C'est pourquoi, la conférence de Poitiers a été en 2003 un des moments clés pour moi :
En lançant le processus de rencontre entre les régions et les Länder, Jean-Pierre Raffarin a imprimé à la coopération décentralisée une dynamique formidable. Il a créé une mécanique institutionnelle particulièrement innovante, qui permet à des collectivités de niveaux différents (Etats, Länder et régions) de se retrouver ensemble sur des problématiques concrètes en fonction des compétences qui sont les leurs. La Bavière a été de longue date un des Länder allemands les plus investis dans la coopération avec les régions françaises, puisque vous entretenez des liens avec Midi-Pyrénées, Languedoc-Roussillon, Provence-Alpes-Côte d'Azur (PACA) et Limousin. Ce qui est je crois plus nouveau dans le processus de Poitiers, c'est que l'Etat français d'un côté, l'Etat fédéral de l'autre, soient directement parties prenantes. Concrètement, par l'intermédiaire du processus de Poitiers le ministère français de l'Education nationale et de la Jeunesse se trouve en face de ses homologues des Länder, ce qui ne s'était, je crois, jamais produit de manière aussi directe.
J'ai évoqué à l'instant l'engagement collectif exprimé à Poitiers le 28 octobre en faveur de l'apprentissage de la langue du partenaire. Cet engagement s'inscrit lui-même dans un objectif plus vaste, celui d'accroître la mobilité professionnelle, de créer de vraies carrières franco-allemandes, de développer ce que l'on peut appeler une véritable compétence biculturelle. Le public principalement visé est celui des jeunes scolaires et des jeunes au seuil de la vie active. On estime entre 50.000 et 150.000 le nombre d'emplois non pourvus en France en raison d'une absence de maîtrise de l'allemand. Or, depuis plusieurs années les effectifs d'apprenants de l'allemand ont diminué d'environ 50.000 élèves par an. Vous mesurez donc le chemin que nous devons parcourir ensemble. Car nous comptons dans nos efforts pour relancer l'apprentissage de l'allemand en France, sur la force d'attractivité et sur la qualité de l'image dont jouit la Bavière dans notre pays.

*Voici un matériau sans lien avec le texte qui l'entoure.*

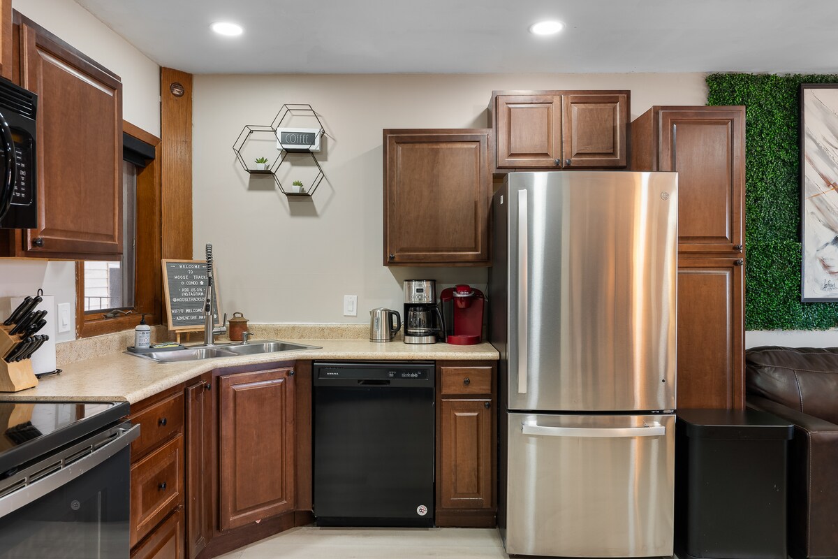 ¡La escapada perfecta! Recientemente renovado con acabados de alta gama y meticulosamente cuidado, ¡este acogedor condominio está esperando ser tu hogar lejos de casa! El acogedor estudio tiene capacidad para hasta 4 personas con una cómoda cama tamaño king y un sofá cama con un colchón de espuma viscoelástica para la máxima comodidad. Las comodidades del centro vacacional incluyen restaurante, sala de juegos, estación de trabajo, salón, alquiler de esquís, natación, sauna, jacuzzi, tenis, raquetbol y servicio de traslado de esquí. Parque nacional de las Montañas Rocosas, Gran Lago y Parque de Invierno cerca.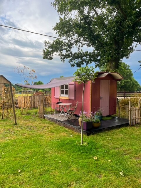 Ven a disfrutar de nuestro acogedor vagón de gitanos, que cuenta con su propio baño pequeño con inodoro, lavabo y una pequeña cabina de ducha. Hay una cama doble y dos sillas para relajarse. Aquí puedes desayunar y disfrutar de las hermosas vistas. Hay suficiente espacio de estacionamiento para nuestra casa. Además, nuestro bed and breakfast tiene 4 habitaciones en la parte trasera de nuestra casa. Vivimos en medio de la zona de Maasheggen, donde se puede ir en bicicleta y caminar.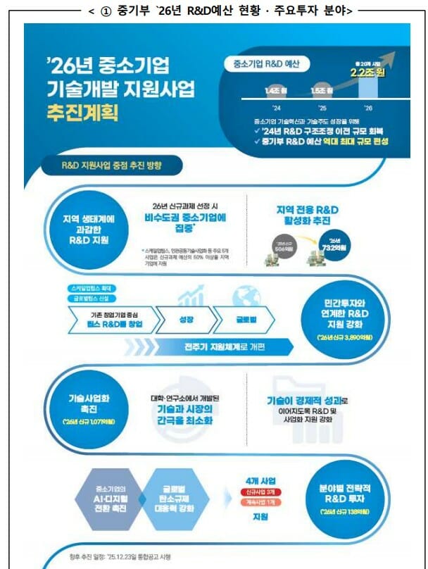 중소벤처기업부(장관 한성숙, 이하 중기부)와 산업통상부(장관 김정관, 이하 산업부)는 양 부처가 추진하는 R&D사업의 지원내용·대상·절차·일정 등을 담은 ‘26년도 R&D사업 통합시행계획(이하 통합시행계획)’을 함께 공고한다고 22일 밝혔다.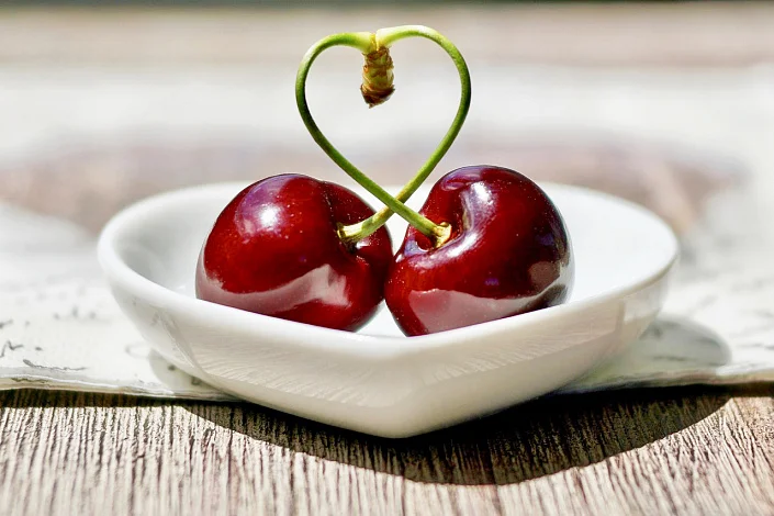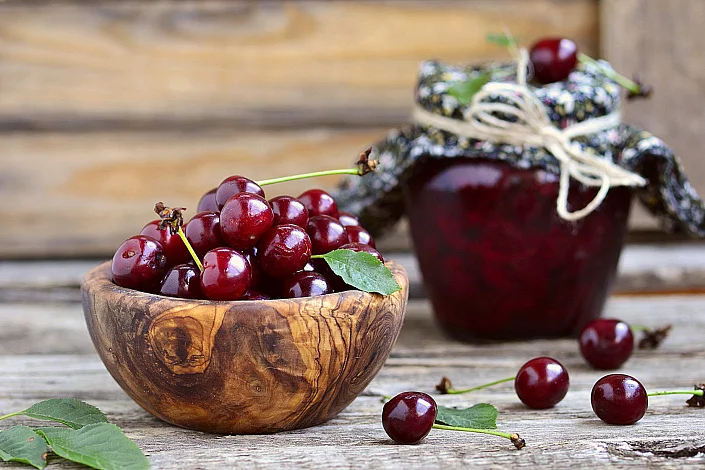 The benefits of cherries:- Promotes the removal of excess fluid from the body; - Strengthens tissues and blood vessels; - Promotes blood renewal; - Has a mild hypotensive effect; - Provides a mild anti-inflammatory effect; - Improves the functioning of the digestive system; - Strengthens the nervous system; - Promotes tissue regeneration of the musculoskeletal system; - Normalizes metabolic processes in the body; - Restores the balance of iron in the body.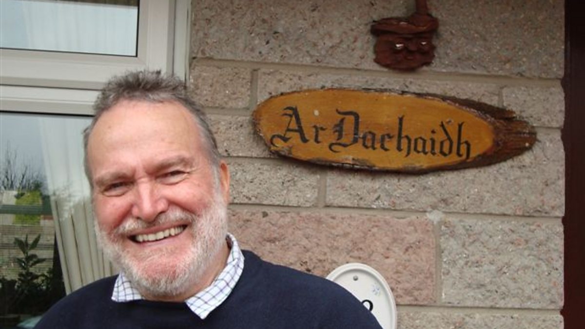 Dòmhnall Greumach a' toirt Catrìona Mhoireach air chuairt timcheall a' ghàrraidh aige ann an Cults. Donald Graham tells Catriona Murray why he loves his garden in Cults.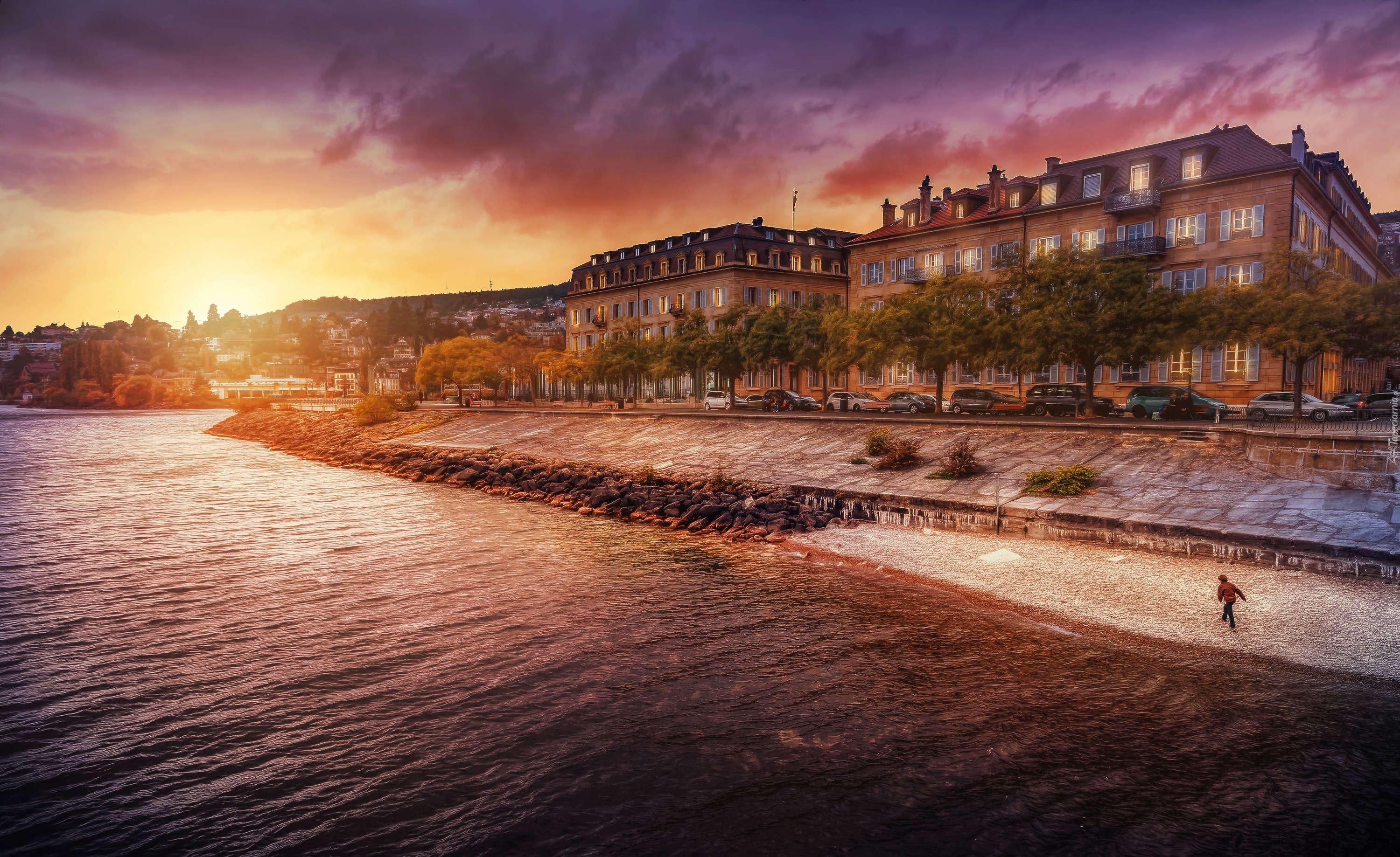Edytor tapety: Rzeka, Domy, Jesień, Samochody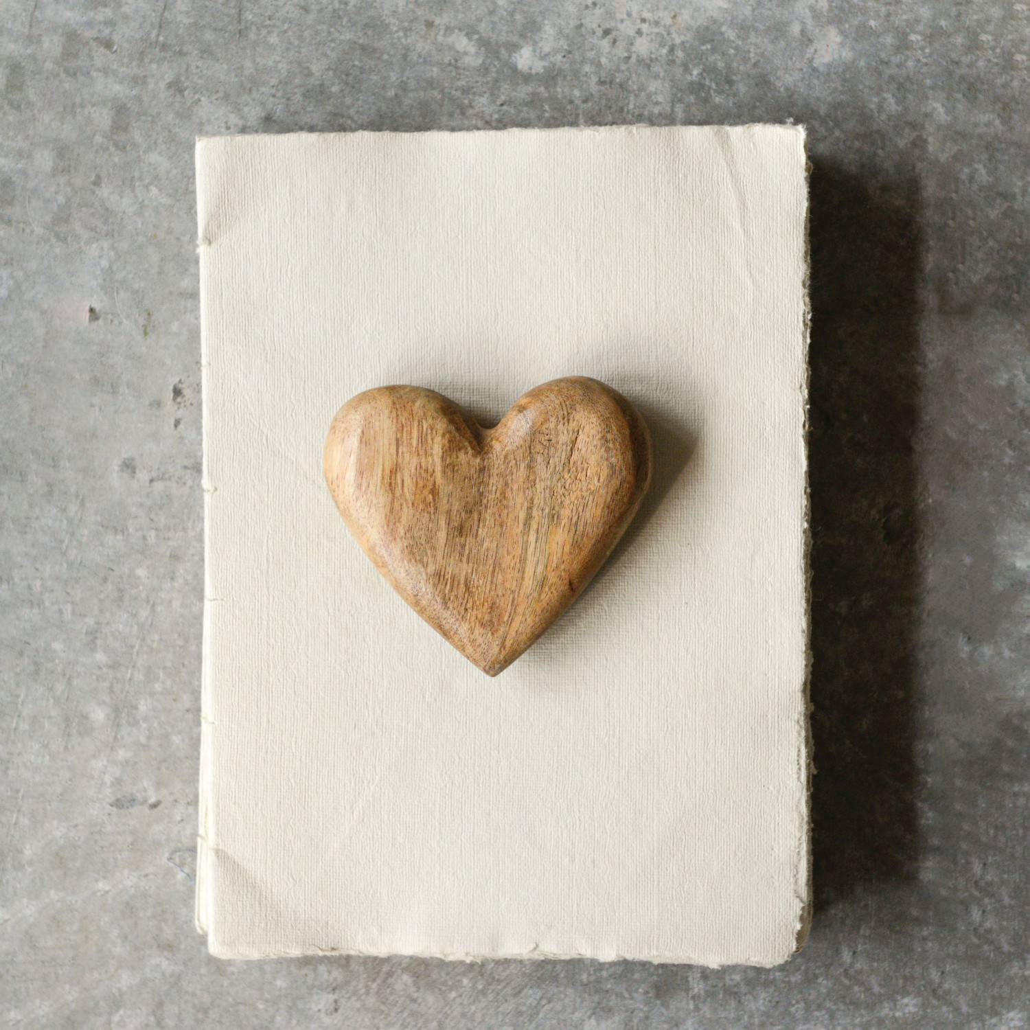 Catalog Name: 4-1/4"L x 4"W Hand-Carved Mango Wood Heart, Natural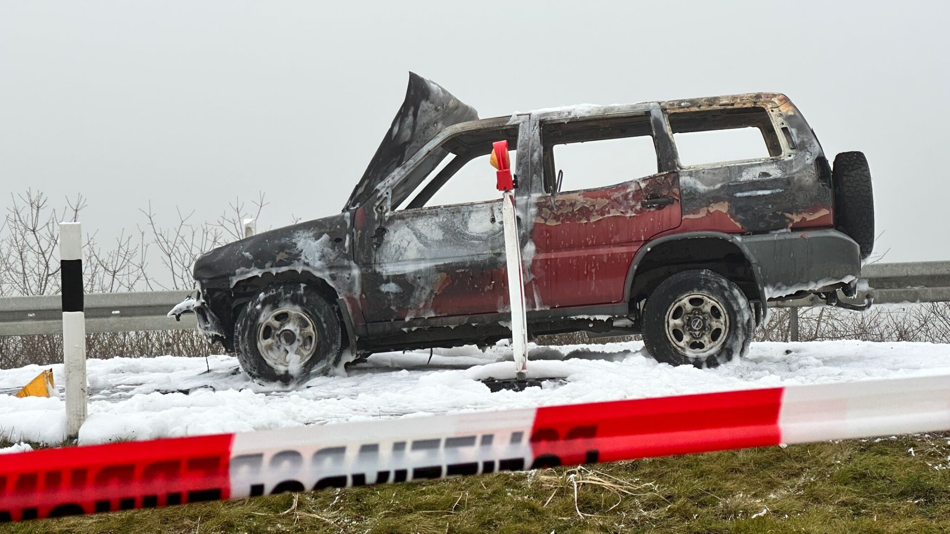 Nach derzeitigem Kenntnisstand handelt es sich bei dem Fluchtfahrzeug um einen Transporter der Marke Mercedes, der über der Stoßstange am Heck eine rot-weiße Baumarkierung über gesamte die Fahrzeugbreite hatte. Als Kennzeichenfragmente sind DM-RS … bekannt. Ob die Kennzeichen entwendet wurden, kann derzeit nicht gesagt werden.
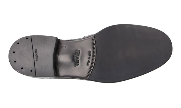 Prada Men's Black Brushed Spazzolato Leather Square Oxford Spray Runway Business Shoes 2EA165

Ceci m'amène à un autre objectif du processus de Poitiers, qui inspire toute une série d'initiatives contenues dans la déclaration commune du 28 octobre : faire mieux connaître la culture de l'autre, faire mieux aimer le pays partenaire. Le franco-allemand, c'est aussi cela. La Bavière est considérée, d'une manière assez naturelle, comme un emblème de l'Allemagne, elle véhicule en France une image très positive de richesses touristiques et culturelles. Là aussi, j'espère que nous pourrons compter sur ces atouts de la Bavière, capital naturel mais aussi savamment cultivé depuis des décennies, pour donner à nos compatriotes français le goût de l'Allemagne.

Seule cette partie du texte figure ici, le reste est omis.